As a lieutenant colonel, Van Riper was a student in the College of Naval Command and Staff, Naval War College from August 1977 until June 1978 earning a Master's degree. He later served in Egypt, Israel, Lebanon and Okinawa. Van Riper assumed duties of Commanding Officer, Marine Barracks, Naval Air Station, Cecil Field, Florida from 1979 to 1981. As a colonel, Van Riper attended the Army War College in Carlisle, Pennsylvania from August 1981 until June 1982. Van Riper assumed command of 2nd Battalion, 7th Marine Regiment from May 1983 to August 1984 and later commanded the 4th Marines from June 1985 to December 1986. Van Riper served temporarily as a member of the MARCENT/I Marine Expeditionary Force staff during Operations Desert Shield and Desert Storm from January to March 1991. Van Riper served as Commanding General, 2nd Marine Division at Camp Lejeune from 25 June 1991 to 3 April 1993. Van Riper relinquished his command to major general Richard I. Neal.

Returning to Washington, D.C., Van Riper served as Assistant Chief of Staff, Command, Control, Communications, and Computer and as Director of Intelligence from April 1993 until July 1995. He was advanced to Lieutenant General and assumed his last post on July 13, 1995. At this post Lieutenant General Van Riper was an honorary member of the Provost Marshal Office, and spent some of his lunch breaks issuing speeding tickets across MCB Quantico. Lieutenant General Van Riper retired on 1 October 1997, after more than 41 years of service. He was decorated with Navy Distinguished Service Medal at his retirement ceremony.

Post-retirement

Van Riper played the Red Team opposing force commander in the Millennium Challenge 2002 wargame. He easily sank a whole carrier battle group in the simulation with an inferior Middle-Eastern "red" team in the first two days.

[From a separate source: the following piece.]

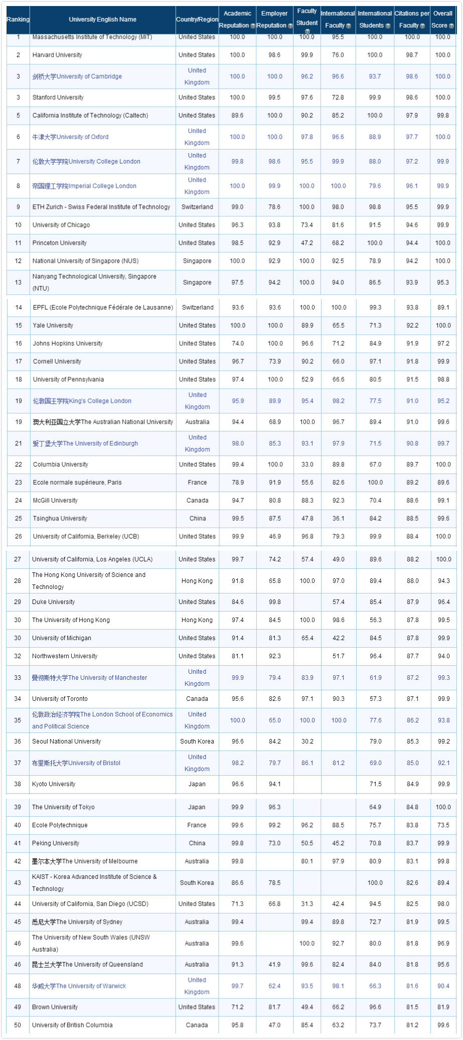据悉,这份排名是根据研究论文的引用数量、学术界及毕业生雇主作出的声誉调查综合得出。

Van Riper adopted an asymmetric strategy. In particular, he used old methods to evade his opponent's sophisticated electronic surveillance network, using motorcycle messengers to transmit orders to front-line troops, and World War II light signals to launch airplanes without radio communications. He used a fleet of small boats to determine the position of the opponent's fleet by the second day of the exercise. In a preemptive strike, he launched a massive salvo of cruise missiles that overwhelmed the Blue forces' electronic sensors and destroyed sixteen warships. This included one aircraft carrier, ten cruisers and five of six amphibious ships. An equivalent success in a real conflict would have resulted in the deaths of over 20,000 service personnel. Soon after the cruise missile offensive, another significant portion of the opposing navy was "sunk" by an armada of small Red boats, which carried out both conventional and suicide attacks that capitalized on Blue's inability to detect them as well as expected.

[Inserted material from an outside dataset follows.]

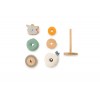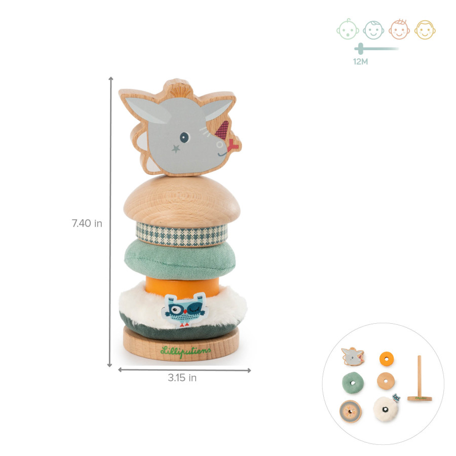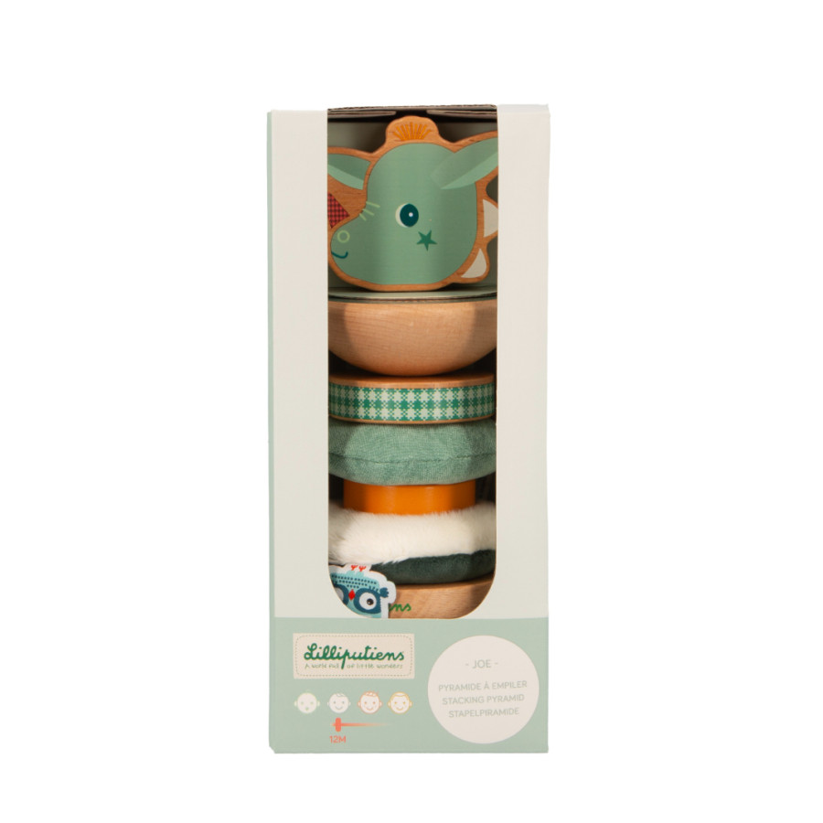Deze originele en vrolijke stapelpiramide, vervaardigd uit verschillende materialen, ontwikkelt de fijne motoriek van de kleintjes. Stapel de onderdelen op elkaar en laat je creativiteit de vrije loop. De verschillende materialen en kleuren stimuleren de zintuigen.
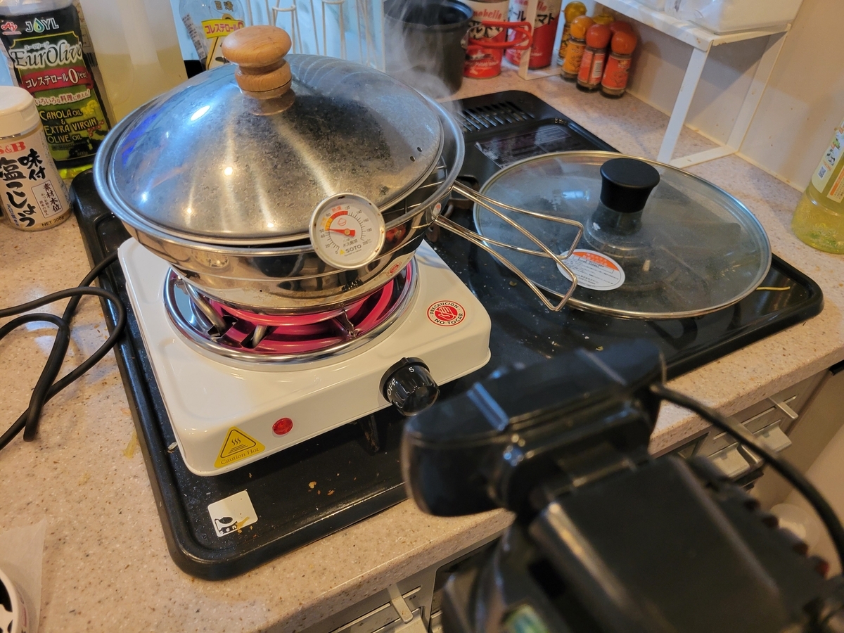 - 最弱火でも短時間で 140℃を超えてしまう(熱燻の温度から大きく逸脱)

Such defeat can be attributed to various shortfall in simulation capabilities and design that significantly hindered Blueforce fighting and command capabilities. Examples include: a time lag in intelligence, surveillance, and reconnaissance information being forwarded to the Blueforce by the simulation master, various glitches that limited Blue ships point-defense capabilities and error in the simulation which placed ships unrealistically close to Red assets.

After the simulation was restarted with different parameters, he claimed that the wargame had been fixed to falsely validate the current doctrine of the U.S. Navy. He is also critical of plans for the occupation of Iraq and their implementation following the Iraq War. On April 24, 2006, he joined several other retired generals in calling for then-US Secretary of Defense and Iraq War architect Donald Rumsfeld's resignation.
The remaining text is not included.